Es stehen in Deutschland ja noch einige Atomkraftwerke rum. Die meisten sind nach Informationen des Bundesministeriums für Nukleare Sicherheit noch (a) „in Stilllegung“, bei einigen sei (b) die Stilllegung aber schon beendet, andere seien (c) sogar schon am 15. April 2023 „endgültig abgeschaltet“ worden oder (d) sogar schon „endgültig abgeschaltet“. Hä? Bin ich doof? Die Fälle b, c und d scheinen mir nur mit sehr viel Spitzfindigkeit zu unterscheiden zu sein – oder zumindest sehr eng beieinanderzuliegen.
Die Atomkraftnutzung in D-Land ist doch beendet und damit die nukleare Sicherheit deutlich erhöht. Jetzt muss man nur noch schauen, dass das auch die kommenden 300 Jahre so bleibt und die teils verrosteten 55.000 Fässer mit dem ganzen Atommüll nicht unseren Kindern und Kindeskindern in die Schlafzimmer rollen.
Ich hoffe jedenfalls, dass die 1214 Mädels und Jungs um Ministerin Steffi Lemke von den Grünen wissen, was sie tun, ich meine: Mit der atomaren Sicherheit ist nicht zu spaßen. Die gute Nachricht: Immerhin ist Lemke vom Fach. Sie kennt sich mit Verpackungen aus und hat zwei Jahre Briefe ausgetragen. Außerdem ist ihr der deutsche Boden vertraut, wo der strahlende Müll ja gelagert wird, denn sie hat an meiner Humboldt-Uni in Berlin Agrarwissenschaften studiert. Und zu all den positiven Vorzeichen kommt: Drei ihrer Staatssekretärenden haben den Doktor. Das sollte nichts schiefgehen…
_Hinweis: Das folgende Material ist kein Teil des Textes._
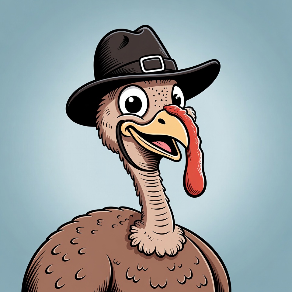Thanksgiving turkey, animal, anthropomorphic turkey, big eyes, bird, black hat, cartoon turkey, clipart, cowboy hat, feathers, funny turkey, illustration, isolated background, smiling turkey, wattle, turkey
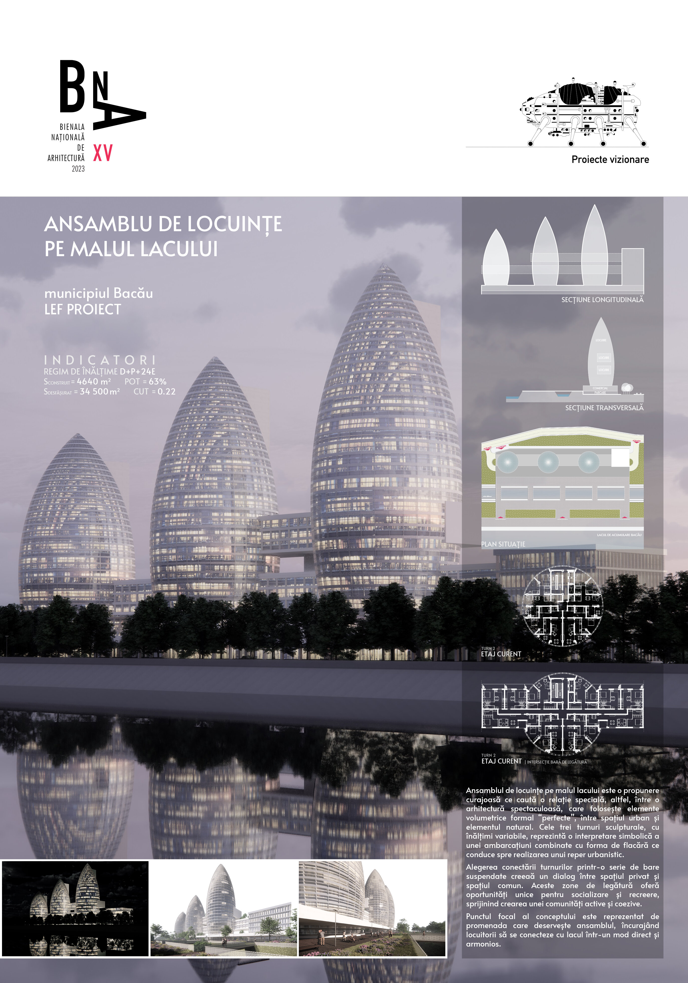 Ansamblul de locuințe pe malul lacului este o propunere curajoasă ce cauta o relatie speciala, altfel, intre o arhitectura spectaculoasa, care foloseste elemente volumetrice formal ”perfecte”, între spațiul
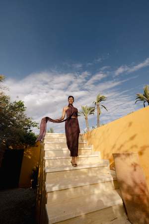 The Merzouga top features an asymmetrical, one sleeve design, with a long elegant scarf attached at the sleeve. Constructed with a high-quality chocolate brown mesh and lined bodice, the Merzouga top offers versatile styling options for a variety of fall/winter looks. Pair with the evil eye pants. Its 4-way stretch fabric ensures a comfortable and flattering fit. I designed this top specifically to wear in the Sahara dessert to keep me warm in the evenings and protective of the sun during the day while also maintaining modesty. We hope this piece adds to your wardrobe to brings you freedom to play, and leads you towards the pursuit of Sa'adah - long term life happiness and contentment.
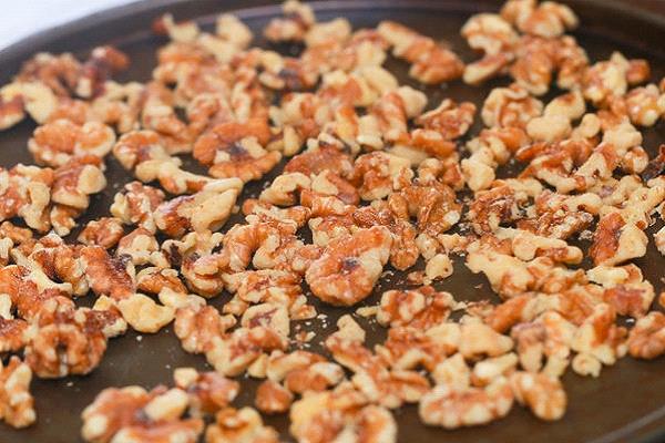 5. Az apróra vágott dióbelet megpirítjuk egy serpenyőben, majd a krémhez adjuk.
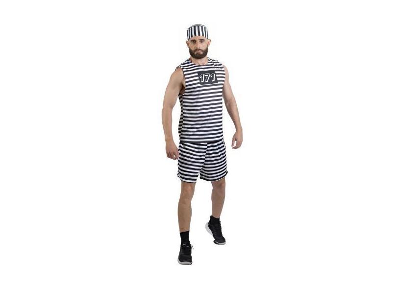 Fantasia Presidiário Adulto Masculino Com Bermuda Listrado - HNG, Pret
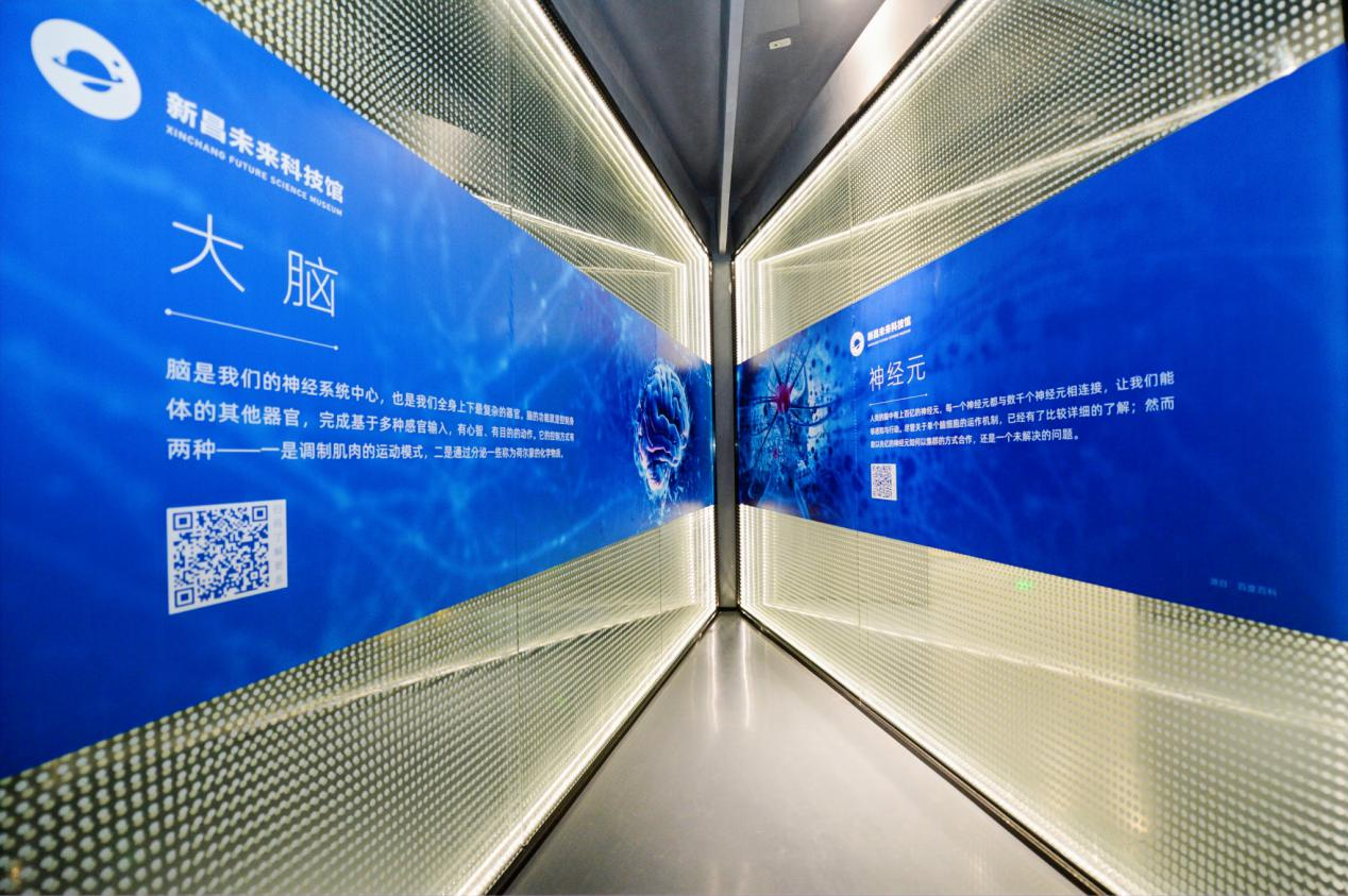 在新昌未来科技馆,未来生命展区还以大脑科普图文的形式,向参观者介绍了人脑的结构组成和功能组成,展示了人类的脑结构组织与脑科学,让参观者获得对于人脑的感性认知,引导人们热爱科学,探索未知世界。
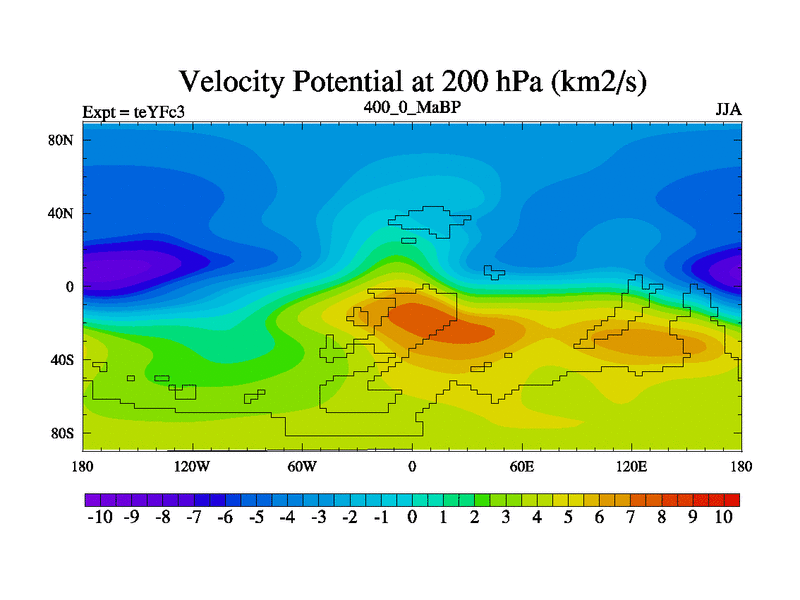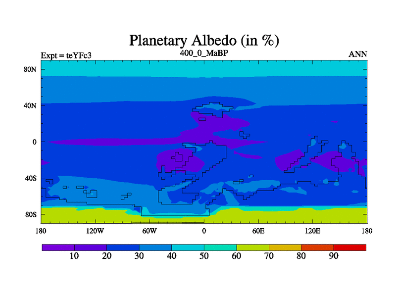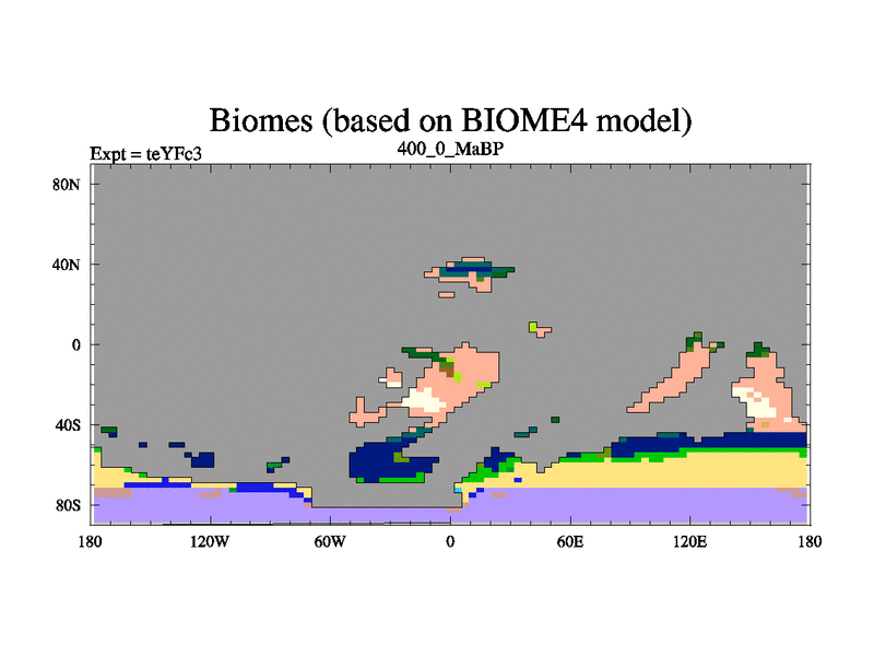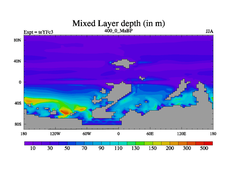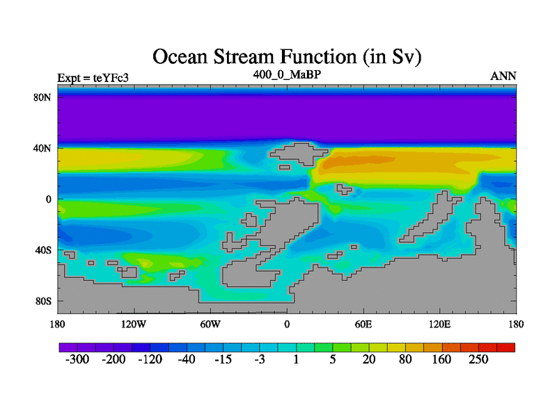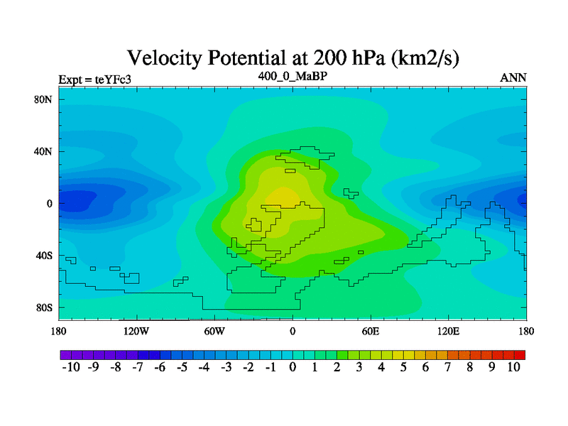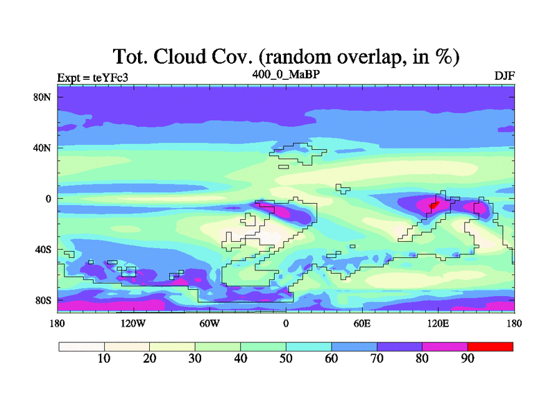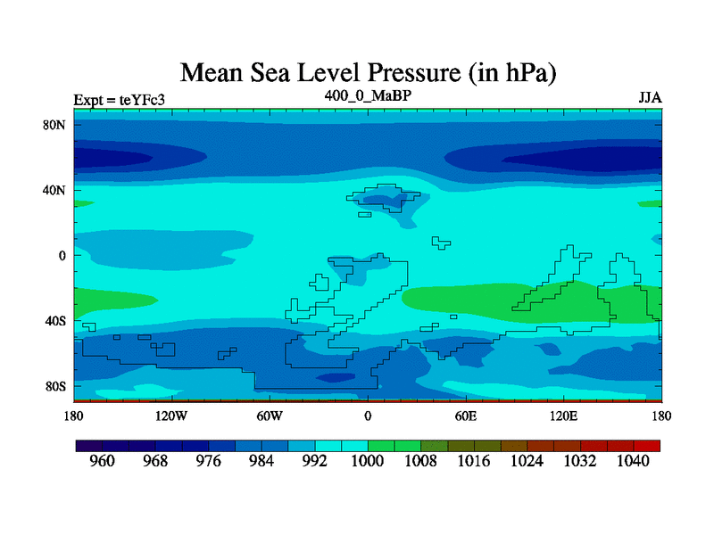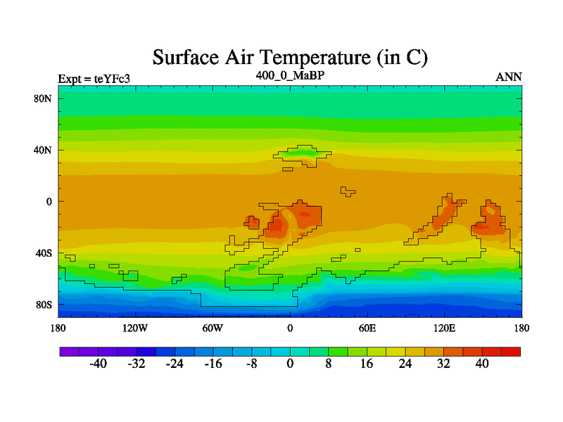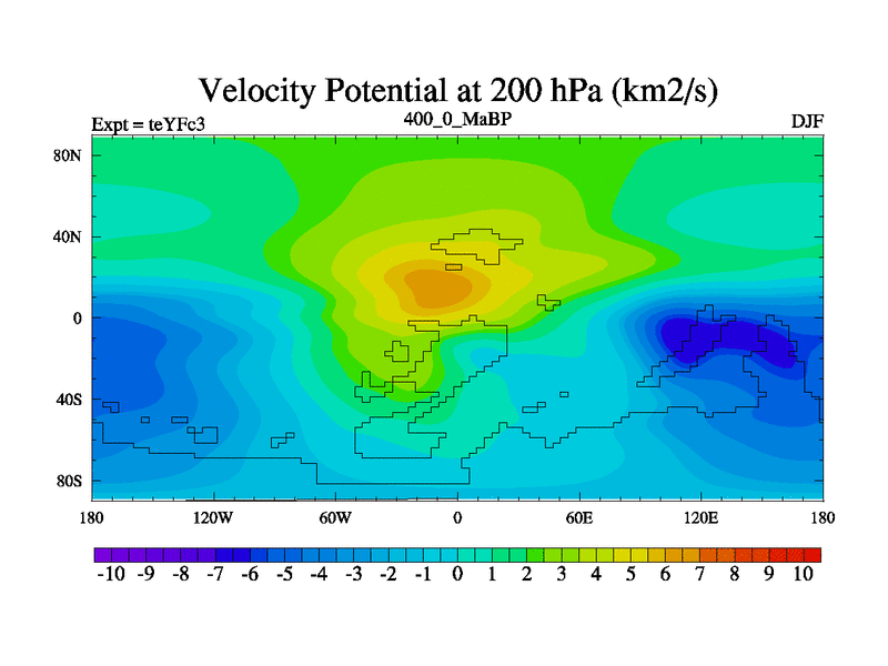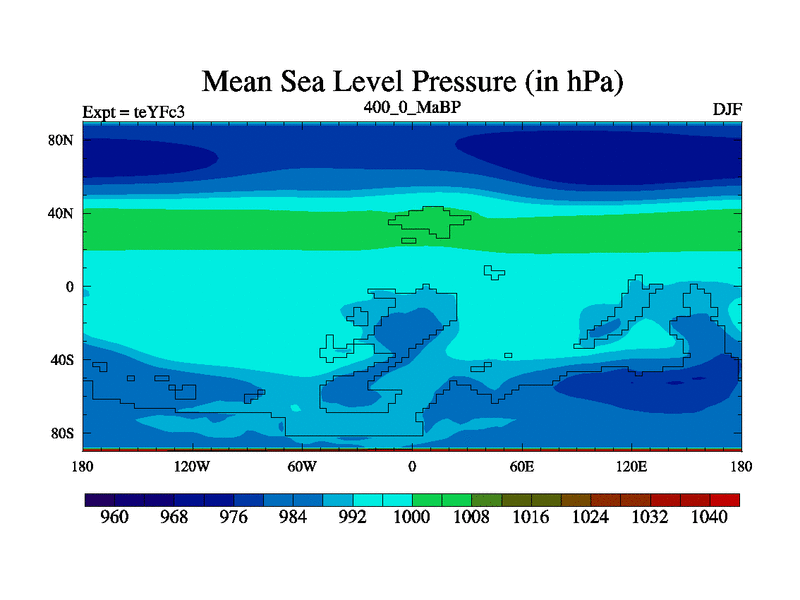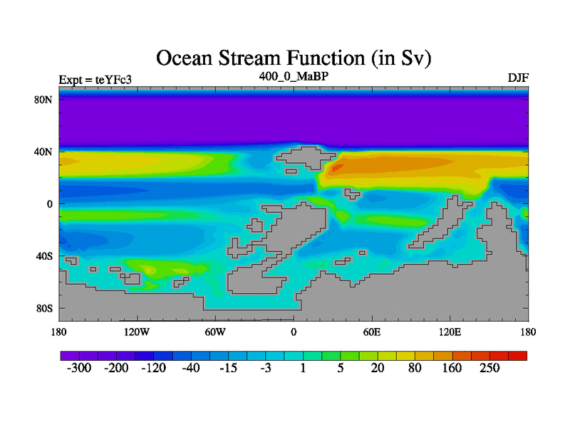 This is the 400.0 Ma simulation using the Scotese palaeogeographies and revised CCN etc. Updated HadCM3L ocean parameters and soil parameters. Also made sure orography gravity wave drag was consistent.
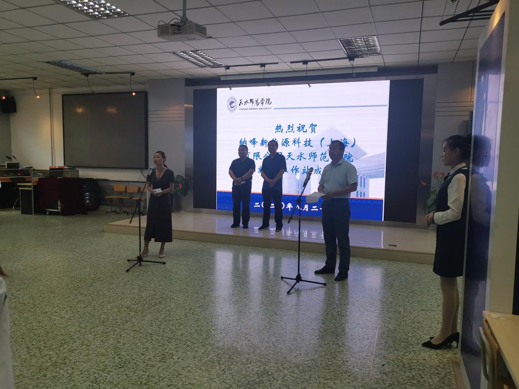 2020年8月28日上午,学院在就业大厅隆重举行“上海纳峰新能源科技有限公司天水师范学院就业工作站”挂牌仪式,学校党委常委、副校长安建平,纳峰新能源科技(上海)有限公司人力资源总监王艳女士出席。
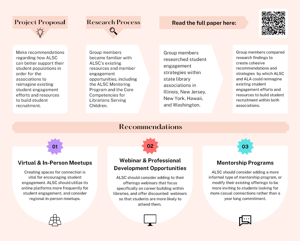 Four members of the 2022 EL class—Megan Jackson, Hyunjin Han, Ashley Bressingham, and Ewa Wojciechowska, also known as Team K, worked on Welcoming and Engaging Students in ALSC and Children’s Services (see infographic).
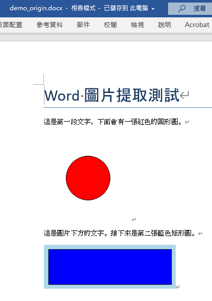 doc.add_paragraph('這是圖片下方的文字。接下來是第二張藍色矩形圖。')
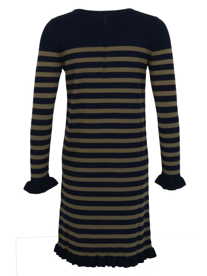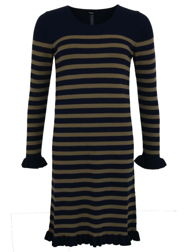 Robe de la marque Riani, à larges rayures de couleurs bleu marine et kaki. Les extrémités des manches longues et le bas de la robe présentent un ourlet généreusement froufroutant. Lavage à la main.
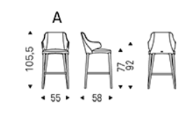 Stool with steel frame and covered in fabric, synthetic leather, synthetic nubuck or soft leather as per sample card. The cover is not removable.
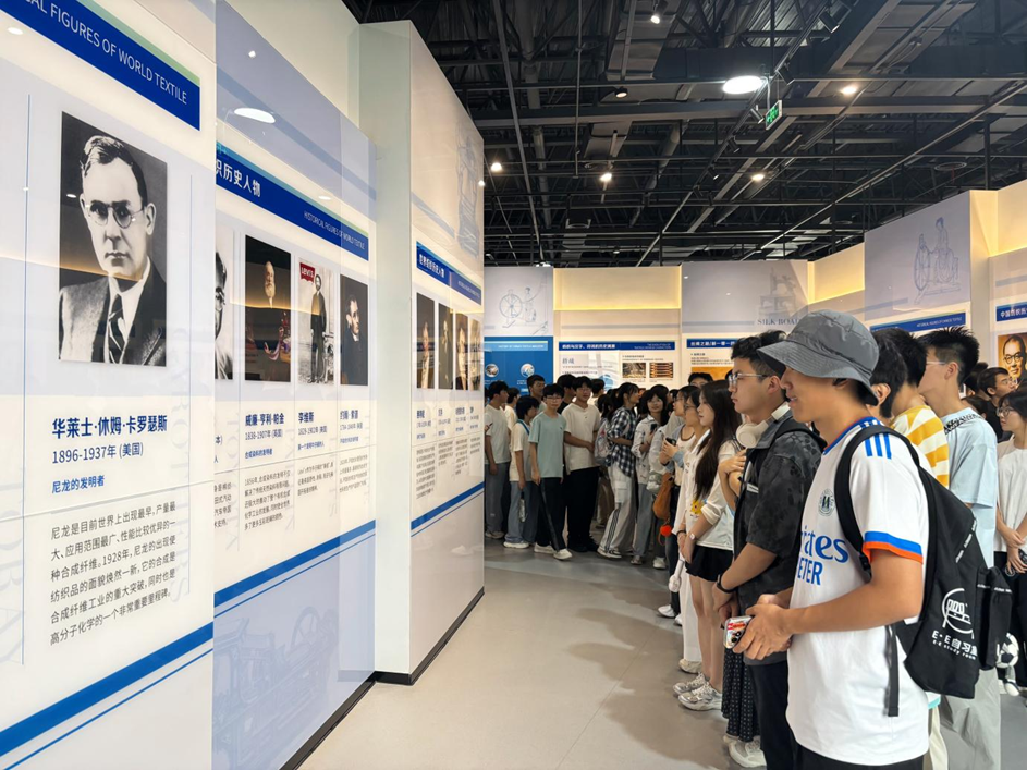 的归属感,传承“自强不息,经天纬地”的纺大精神,9月13日上午,学院党委副书记陈国鹏、辅导员曾琦组织全体2025级新生前往纺织科技馆,开启一场兼具知识性与趣味性的纺织文化探索之旅。在讲解员的引导下,同学们穿梭于“传统织造”“现代产业”“未来纺织”三大展区,从黄道婆纺车到万吨级碳纤维生产线,从月面国旗“石头版”到火星探测器降落伞,一件件实物、一段段视频,生动诠释了“纺织+”如何服务国计民生、走向星辰大海。

Das mit der Sicherheit, das findet Bela übrigens auch. „Man muss da schon aufpassen“, sagte er neulich mal mahnend zum Thema. Ich muss Bela allerdings verpetzen, denn er ist, wen überrascht’s, ein Befürworter der Kernkraft, weil er meint: „Mit Deutschland geht es wirtschaftlich so bergab, weil wir die billige Kernkraft abgeschafft haben und das Produzieren in unserem Land mit teurem Öko-Strom unwirtschaftlich geworden ist.“ Ein Träumer. Ein Kollege meines Vertrauens, den ich in der Sache kürzlich konsultiert hatte, versicherte mir unterdessen, dass Bela „voll auf dem Holzweg“ sei. Kernkraft sei, würde man alles mitrechnen, ganz sicher die teuerste Energieform.
Ich persönlich muss sagen: Angela Merkel hat das richtige getan. Der Ausstieg war aus vielen Gründen fällig und alternativlos. Einer davon: „Die Risiken der Atomkraft sind letztlich unbeherrschbar“ (Ministerin Lemke).
Der für mich aber entscheidende Grund ist: Wie sollen in einem Land die Männer und Frauen, die es nicht schaffen, Busse und Bahnen verlässlich fahren zu lassen, sichere Atomkraftwerke betreiben? Wenn da dann ein Störfall ist, wird dann ins Reaktorgebäude gemeldet: Der zuständige Mitarbeiter kann nicht kommen, weil er eben auf seine Worklifebalance achte, Influenza habe, im Stau oder auf dem Klo feststecke? Oder weil der entsprechende Zug der Deutschen Bahn nicht fahre, weil dort der Lokführer auf seine Worklifebalance achte, Influenza habe, im Stau oder auf dem Klo feststecke. Das wäre exakt jene berühmte Kettenreaktion, vor der Atomphysiker immer gewarnt hatten – und die wir uns beim Betrieb von Kernreaktoren nicht leisten könnten.